# optimal PH level?



## B192734

I was just wondering if there was an optimal PH level for plants. My tank right now is hanging around 7.2-7.6. Is this going to be too high for the plants and fish, or should that be close enough that they'll adjust properly? Thanks.


----------



## StaleyDaBear

More parameters are need when considering your PH. Could be ok, if your kh and gh aren't too awful high. Have you tested for carbonate or general hardness? If not, this is what I would suggest.


----------



## B192734

I have not tested them, but I will. The water reports here are for soft water though, so I don't expect it to show being hard at all.


----------



## OverStocked

The optimal pH parameter is STABILITY. Just about any pH between 6 and 8.5 will be fine as long as it is stable. Trying to mess with pH is harder on fish than anything else. Messing with KH and GH is a great way to kill your fish(unless you need a boost in GH).


----------



## Hoppy

Unless there is something really bad about your tap water, the best pH is what your tank will stabilize at when you use tap water, with no adjustments to its parameters. If you buy your fish locally the LFS almost certainly uses tap water in its tanks so the fish should be acclimated to that water. Most aquatic plants can do well in a variety of water conditions, but there are a few where the plants prefer some specific conditions. Unless you really, really want to grow those plants, you can usually find others that are just as nice in your aquarium with your water. Our plant possibilities today are almost belief.


----------



## Diana

GH and KH are more important than pH. Plants will handle a very wide range of these, as long as they are not 0 ppm. Plants do need the minerals that are tested when you test for GH and KH. I would make sure these 2 tests are 3 degrees or higher, and let the pH do whatever it wants as long as it is stable, or varies within a narrow enough range not to cause problems. For example, the daily pH swings that happen as the plants use up the CO2 is easily handled by fish and plants. This is because the mineral level is staying the same.


----------



## BayazGouramiz

What about PH of 4? My tank is a month and a half old, and its seems to only do well when I have the co2 cranked up until my drop checker is almost yellow. That being said my ph is still around 5 even with like 2bps co2.

So is this an issue? I have been using baking soda to try and get it up some, because my KH is 0-1 often times. It comes out of the freaking tap at 0.... same with GH. So I got my KH up to 4 right now, just put in like 3 tbs of baking soda. MY Gh was only 2 so I dosed it again. Now its prolly like 4 or something. (I'm done testing for now)

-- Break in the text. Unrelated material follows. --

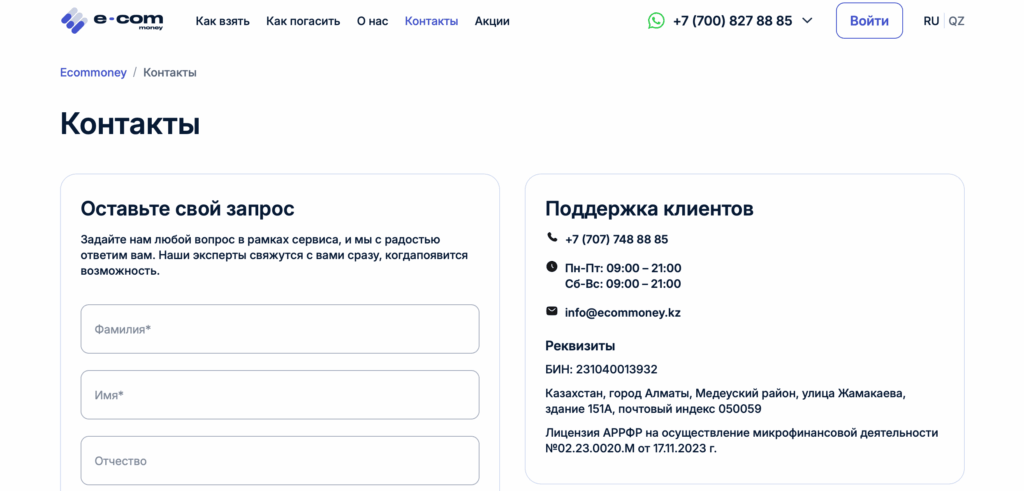 Контакты Ecommoney KZ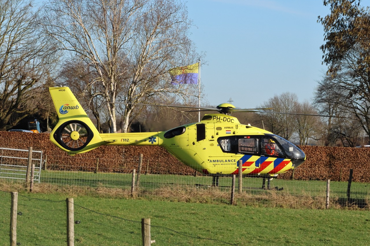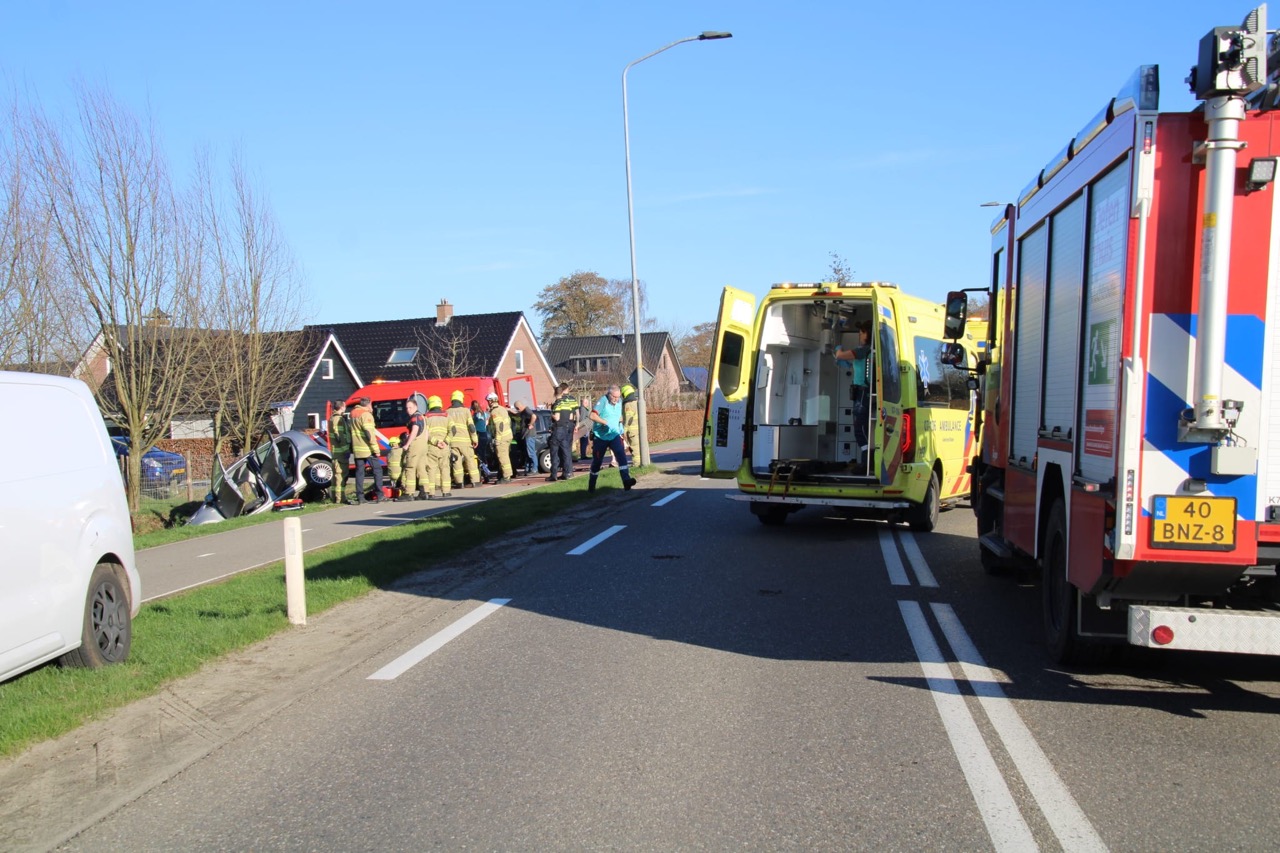 Twee personenauto’s botsten door nog onbekende oorzaak op elkaar. Meerdere ambulances, brandweer en politie kwamen ter plaatse. Ook een traumahelikopter werd opgeroepen en landde bij het incident.

So I'm new to the hobby and my tank is doing okay, starting to grow, but I can tell something isnt right. The plants kind of look less than optimal. I'm dosing nicolg EI ferts, I have ADA Aqua Soil Malaysia, and some Pacific Madrone driftwood. I'm sure these too are helping to lower my ph. Okay so all this being said, what to do you think I should do.

Can I have fish at 4-5ph? 
Is there a better way than Baking soda to raise the kh and ph?
Whats the optimal amount of GH and KH?
and anything else you think i should know.

My cycle is almost complete I have 0ppm ammonia, and 5ppm nitrite, and 40 ppm nitrates(prolly the EI's)


----------



## keymastr

What are you using to raise GH? Also you will get better help if you start a new thread rather than post at the end of a thread from 5 years ago. If you look around online you should be able to find a water report from your cities municipal water department and those numbers could help a bunch.

I have never seen tap water with a GH or KH of 0 ppm. That is what RO water reads, or distilled water.


----------



## BayazGouramiz

keymastr said:


> What are you using to raise GH? Also you will get better help if you start a new thread rather than post at the end of a thread from 5 years ago. If you look around online you should be able to find a water report from your cities municipal water department and those numbers could help a bunch.
> 
> I have never seen tap water with a GH or KH of 0 ppm. That is what RO water reads, or distilled water.


K i will do lol i didnt see how old this thread was. Where does it say the date, I was looking for it on posts too. I wish the posts had dates, but I cant find them.

Bump:


keymastr said:


> What are you using to raise GH? Also you will get better help if you start a new thread rather than post at the end of a thread from 5 years ago. If you look around online you should be able to find a water report from your cities municipal water department and those numbers could help a bunch.
> 
> I have never seen tap water with a GH or KH of 0 ppm. That is what RO water reads, or distilled water.


K i will do lol i didnt see how old this thread was. Where does it say the date, I was looking for it on posts too. I wish the posts had dates, but I cant find them.


----------



## BBradbury

*Opyimum pH*



B192734 said:


> I was just wondering if there was an optimal PH level for plants. My tank right now is hanging around 7.2-7.6. Is this going to be too high for the plants and fish, or should that be close enough that they'll adjust properly? Thanks.


Hello B1...

Plants prefer water with a low pH, more acidic. Fish are the opposite. They like a higher, basic pH. Both will adapt to most public water supplies, they've been doing this for decades, since the water keeping hobby started. The best thing you can do is don't fret over the chemistry of your tap water, this isn't necessary for a healthy tank.

What you should do is keep the water free of dissolved wastes by removing and replacing at least half the tank water weekly. This will maintain good water conditions for both fish and plants.

Pretty simple, it's all about the water.

B


----------



## Doogy262

BayazGouramiz said:


> K i will do lol i didnt see how old this thread was. Where does it say the date, I was looking for it on posts too. I wish the posts had dates, but I cant find them.
> 
> Bump:
> 
> K i will do lol i didnt see how old this thread was. Where does it say the date, I was looking for it on posts too. I wish the posts had dates, but I cant find them.


Hi B,the time and date is right above the name of the poster...


----------



## BayazGouramiz

Doogy262 said:


> Hi B,the time and date is right above the name of the poster...


 oh wow...:iamwithst and thank you for the response's.


----------